Extracted material:

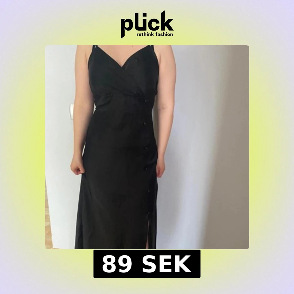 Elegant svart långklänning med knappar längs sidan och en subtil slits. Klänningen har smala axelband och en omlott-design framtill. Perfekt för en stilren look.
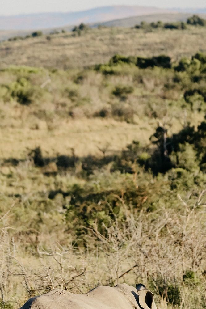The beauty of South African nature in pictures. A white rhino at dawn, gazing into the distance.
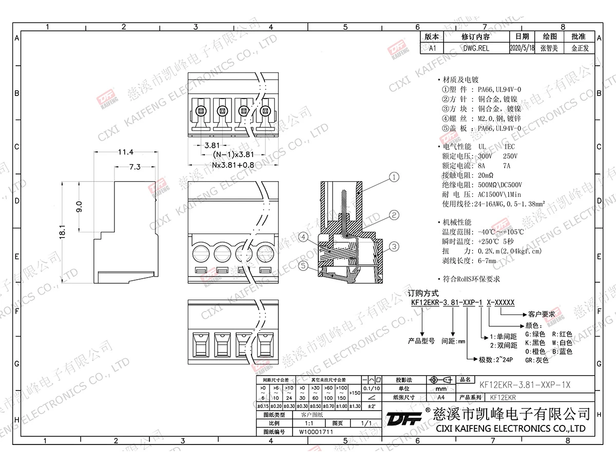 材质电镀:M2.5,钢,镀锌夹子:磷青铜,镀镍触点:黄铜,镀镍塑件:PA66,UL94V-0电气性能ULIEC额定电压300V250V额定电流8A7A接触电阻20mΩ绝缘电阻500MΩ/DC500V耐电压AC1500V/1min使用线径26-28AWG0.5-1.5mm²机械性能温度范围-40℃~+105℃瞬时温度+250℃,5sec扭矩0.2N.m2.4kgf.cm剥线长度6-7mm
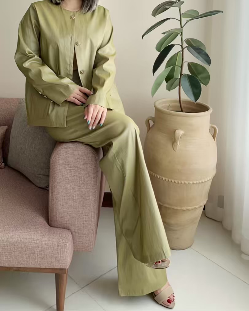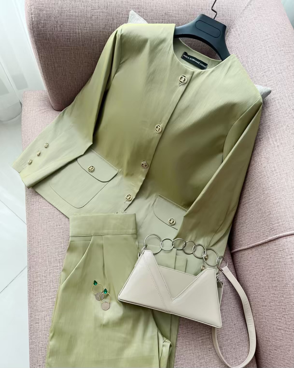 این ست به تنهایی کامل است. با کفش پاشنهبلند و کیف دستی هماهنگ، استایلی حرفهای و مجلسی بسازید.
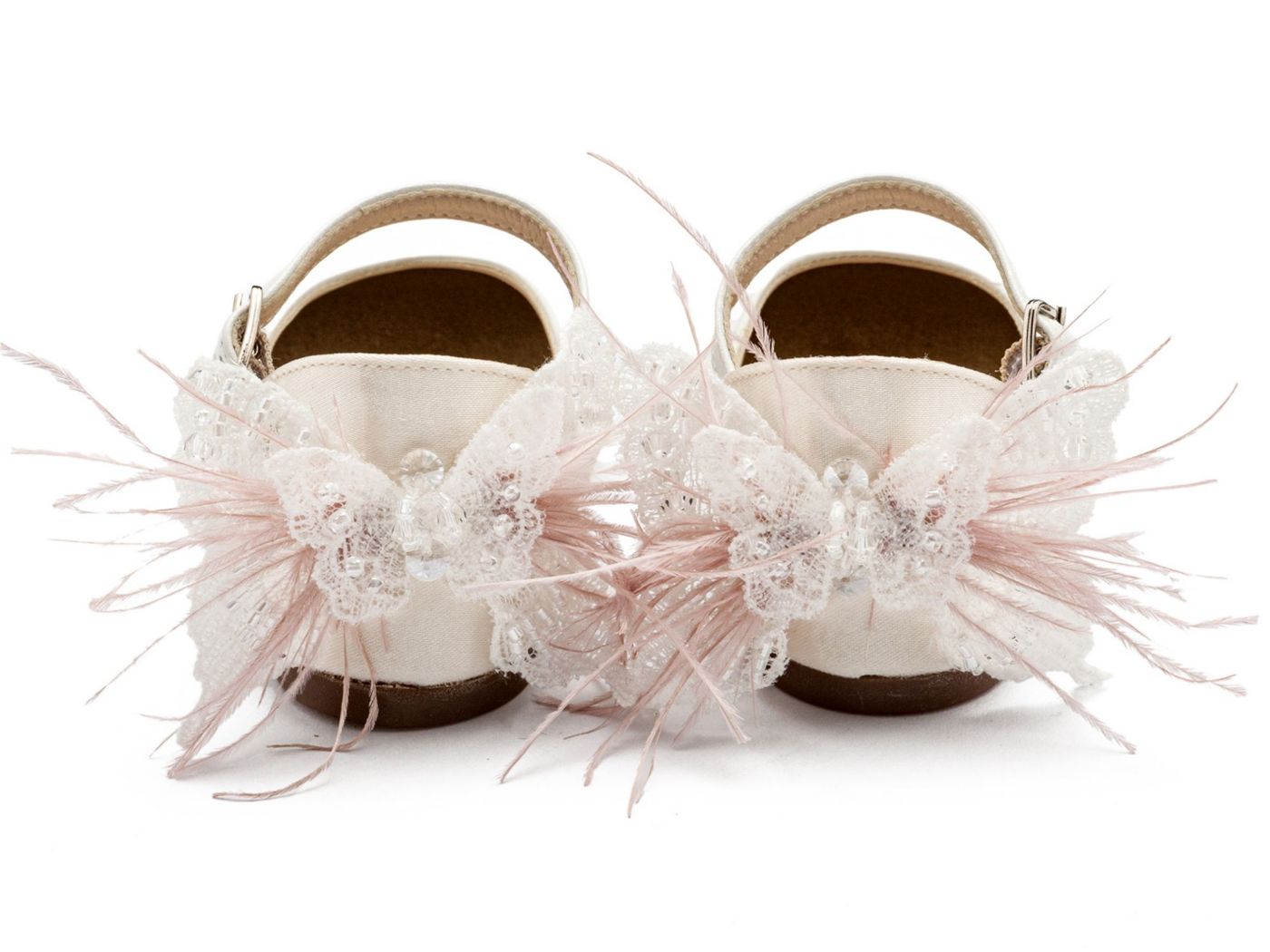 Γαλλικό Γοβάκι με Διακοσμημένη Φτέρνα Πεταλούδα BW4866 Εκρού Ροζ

What you have to do: Find the line that has "The beauty of" in the listing, then retype it and each later line up to the last, exactly. Leave pictures out.

Exercise output:
The beauty of South African nature in pictures. A white rhino at dawn, gazing into the distance.
 材质电镀:M2.5,钢,镀锌夹子:磷青铜,镀镍触点:黄铜,镀镍塑件:PA66,UL94V-0电气性能ULIEC额定电压300V250V额定电流8A7A接触电阻20mΩ绝缘电阻500MΩ/DC500V耐电压AC1500V/1min使用线径26-28AWG0.5-1.5mm²机械性能温度范围-40℃~+105℃瞬时温度+250℃,5sec扭矩0.2N.m2.4kgf.cm剥线长度6-7mm
 این ست به تنهایی کامل است. با کفش پاشنهبلند و کیف دستی هماهنگ، استایلی حرفهای و مجلسی بسازید.
 Γαλλικό Γοβάκι με Διακοσμημένη Φτέρνα Πεταλούδα BW4866 Εκρού Ροζ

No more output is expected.